→ **DESCRIPTION OF THE TASK**
Leave the pictures out, and repeat exactly each line from the one that holds "Exterior wood bracket." through the final line of the entries below.

Extracted records
##############################

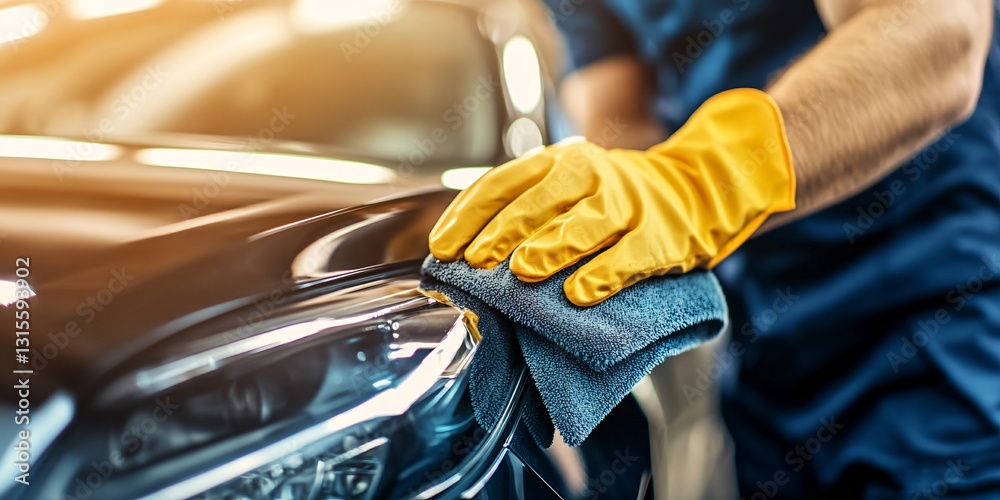 • Car Detailing: A Man Perfectly Wiping a Clean Vehicle
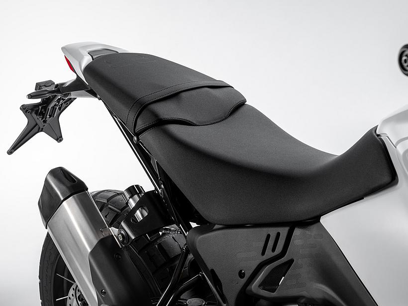 Um die Sitzhöhe und den Sitztyp an die Bedürfnisse des Fahrers anzupassen und auch beim Manövrieren im Stand jederzeit sicheren Halt zu gewährleisten, bietet die DesertX mehrere Sitzbänke als Original-Zubehör an. Die Standard-Sitzhöhe kann von 880 mm auf 860 mm reduziert werden, und durch die Verwendung eines Tieferlegungskits lässt sich die Höhe um weitere 20 mm auf 840 mm verringern. Zusätzlich ist eine um 20 mm höhere Sitzbank erhältlich. Für den Offroad-Einsatz gibt es zudem eine einteilige Rally-Sitzbank mit spezieller Formgebung, die für optimale Kontrolle im Gelände sorgt.
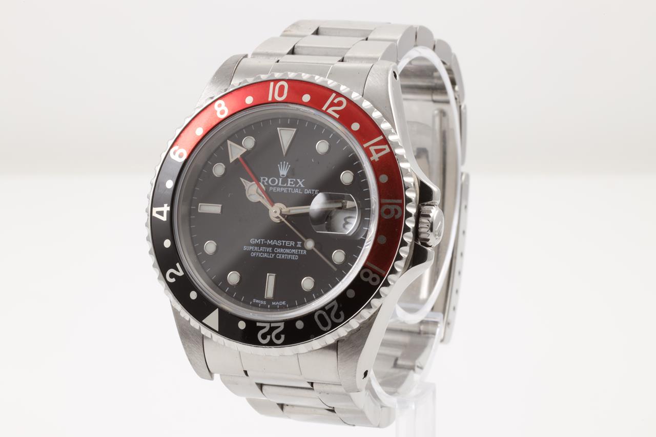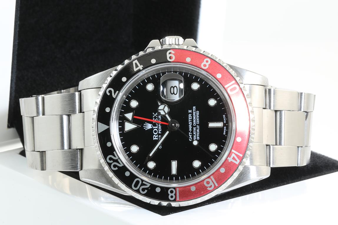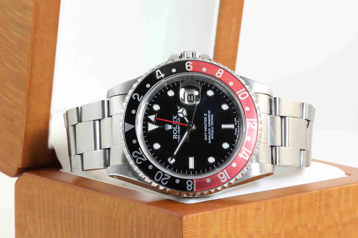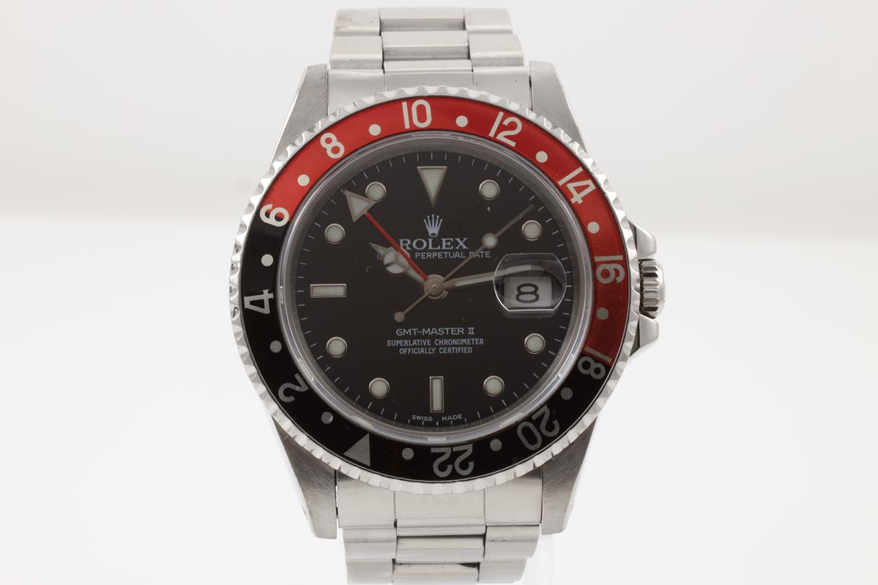 Rolex GMT Master II Coke stainless steel automatic mens watch. Black dial, date, case diameter: 40mm, wrist size: 16.5cm. Ref# 16710, Circa: 1991, Swiss made. With Rolex Oyster stainless steel bracelet and clasp. With rolex warranty card dated 25/6/2013 inside Rolex box. With certificate of Authenticity and 3 month FSA warranty. (Pre-owned)
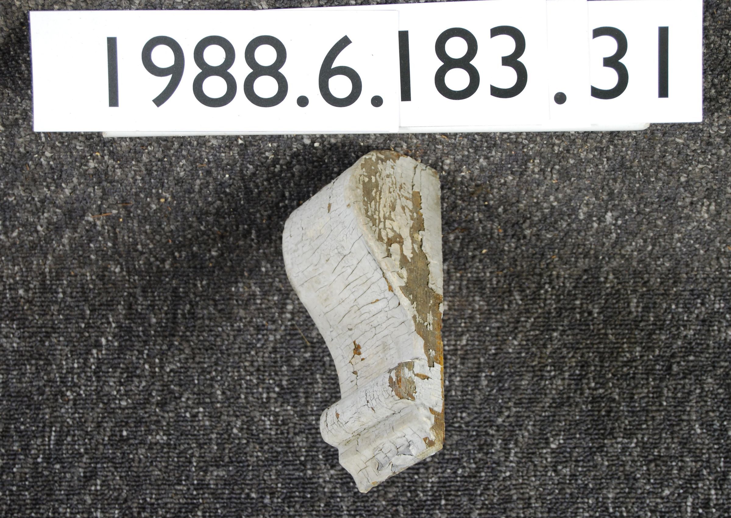 Exterior wood bracket. compound contour. Cut from single block. Painted grey. Inscriptions or Markings: Manufacturer: Place of Manufacturer: Design motif: Style: Finish: Painted
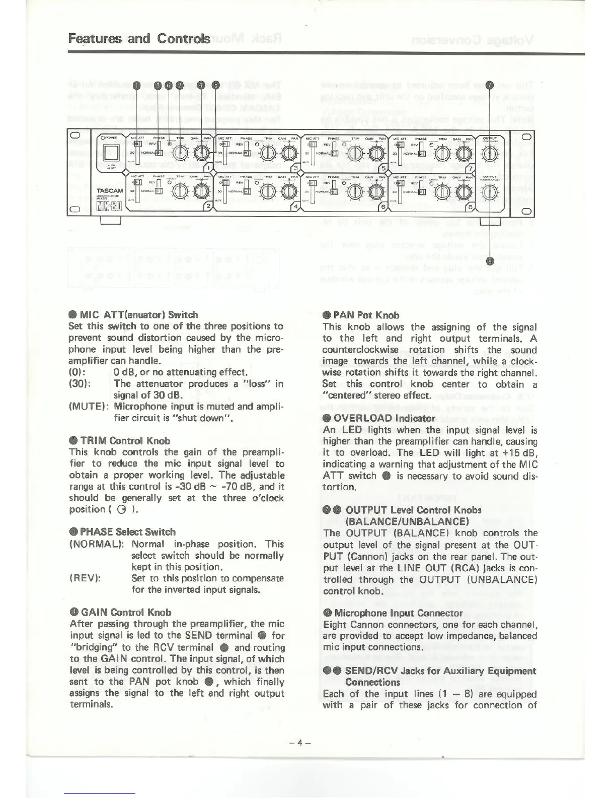 Tascam MX-80 - Features and Controls; MIC ATT (enuator) Switch; TRIM Control Knob; PHASE Select Switch
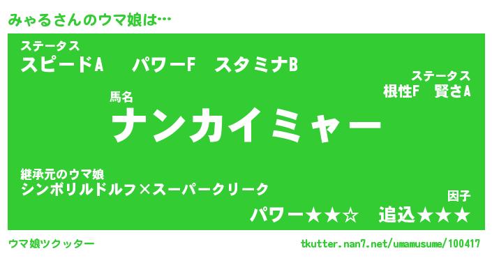 | ファンタジー風あだ名 | 『ミャフェル』『エターナルミャルー』 |
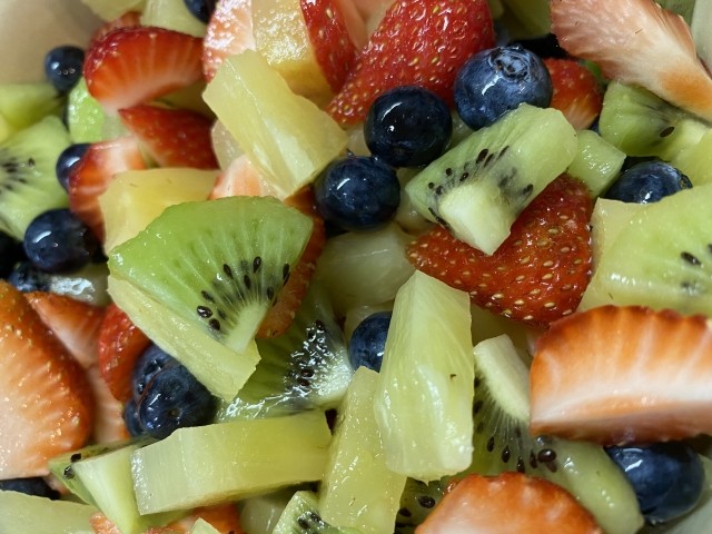 - キウイフルーツ・パイナップルは、小さめに切る。

##############################

→ **EXERCISE RESULT**
 Exterior wood bracket. compound contour. Cut from single block. Painted grey. Inscriptions or Markings: Manufacturer: Place of Manufacturer: Design motif: Style: Finish: Painted
 Tascam MX-80 - Features and Controls; MIC ATT (enuator) Switch; TRIM Control Knob; PHASE Select Switch
 | ファンタジー風あだ名 | 『ミャフェル』『エターナルミャルー』 |
 - キウイフルーツ・パイナップルは、小さめに切る。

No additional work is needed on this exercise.